Alexander B. Howard is the Government 2.0 Correspondent for O’Reilly Media, where he reports on technology, open government and online civics.
In addition to corresponding for O’Reilly Radar, writes for the Huffington Post, Govfresh, and has contributed to Mashable, ReadWriteWeb, Forbes, the National Journal, CBS News’ What’s Trending, Govloop, Governing People, the Association for Computer Manufacturing and the Atlantic, amongst others. Quite a few people know him as “@digiphile” from his use of Twitter.
Howard is a frequent speaker and moderator at O’Reilly Media conferences and many other events in Washington and beyond, including the Web 2.0 Summit and Expo, the U.S. National Archives, D.C. Week, Social Media Week, SXSWi, Strata, GOSCON, AMP Summit, Tech@State, and the State of the Net. I’ve also spoken at the American Academy for Arts and Sciences, NIST, Club de Madrid, Cato Institute, the National Archives and the Social Security Agency. In 2011, he acted as Visiting Faculty at the the Poynter Institute.

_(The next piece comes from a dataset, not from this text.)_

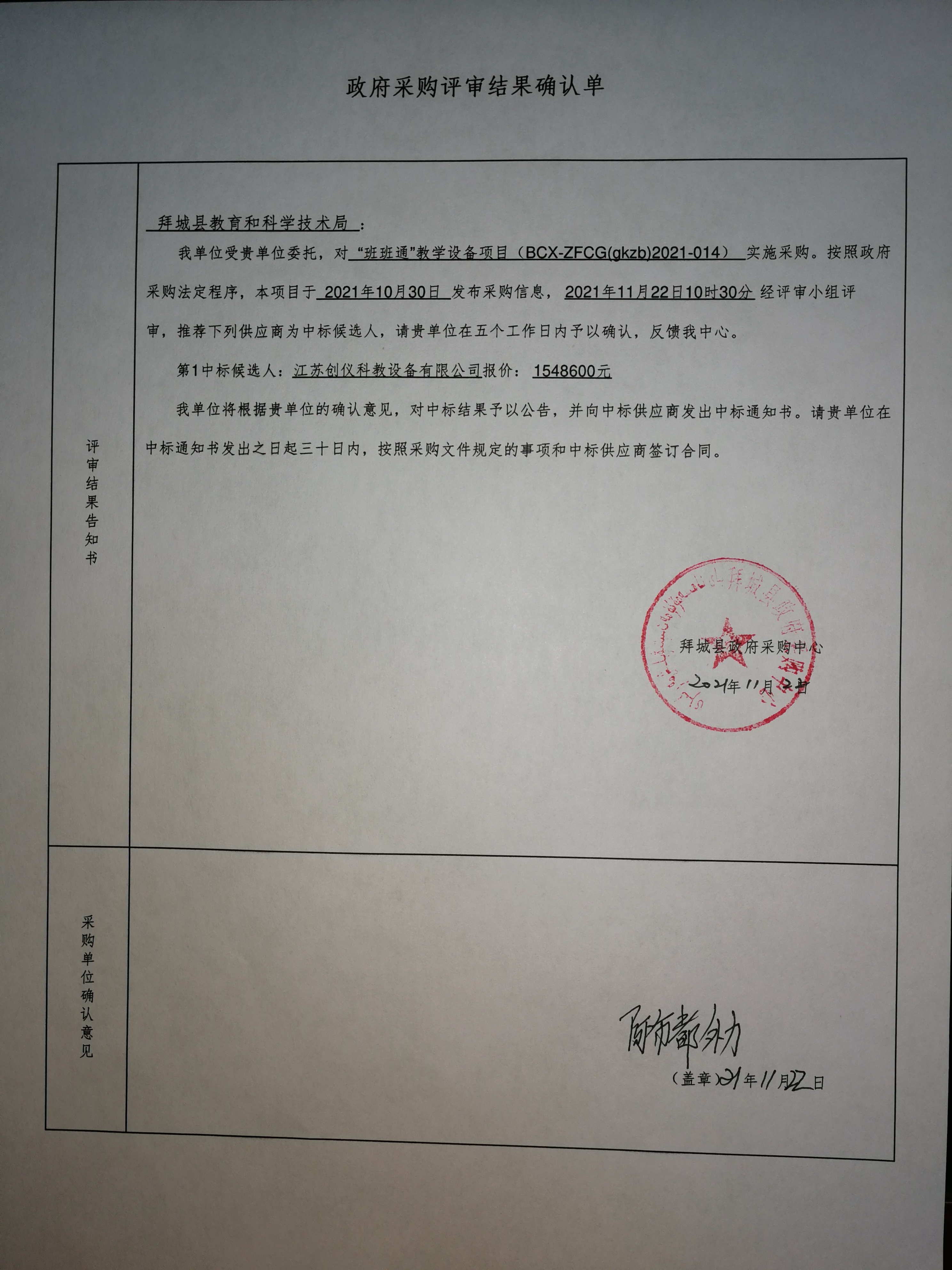 [政采云]拜城县政府采购中心关于“班班通”教学设备项目的中标(成交)结果公告

Before joining O’Reilly Media, Howard was the associate editor of SearchCompliance.com at TechTarget. His work there focused on how regulations affect IT operations, including coverage of data protection, electronic privacy, security and enterprise IT strategy. For the first two and a half years of his career at TechTarget, Howard was the associate editor of WhatIs.com, an online IT encyclopedia. In that role, he researched and wrote about nearly every aspect of enterprise IT.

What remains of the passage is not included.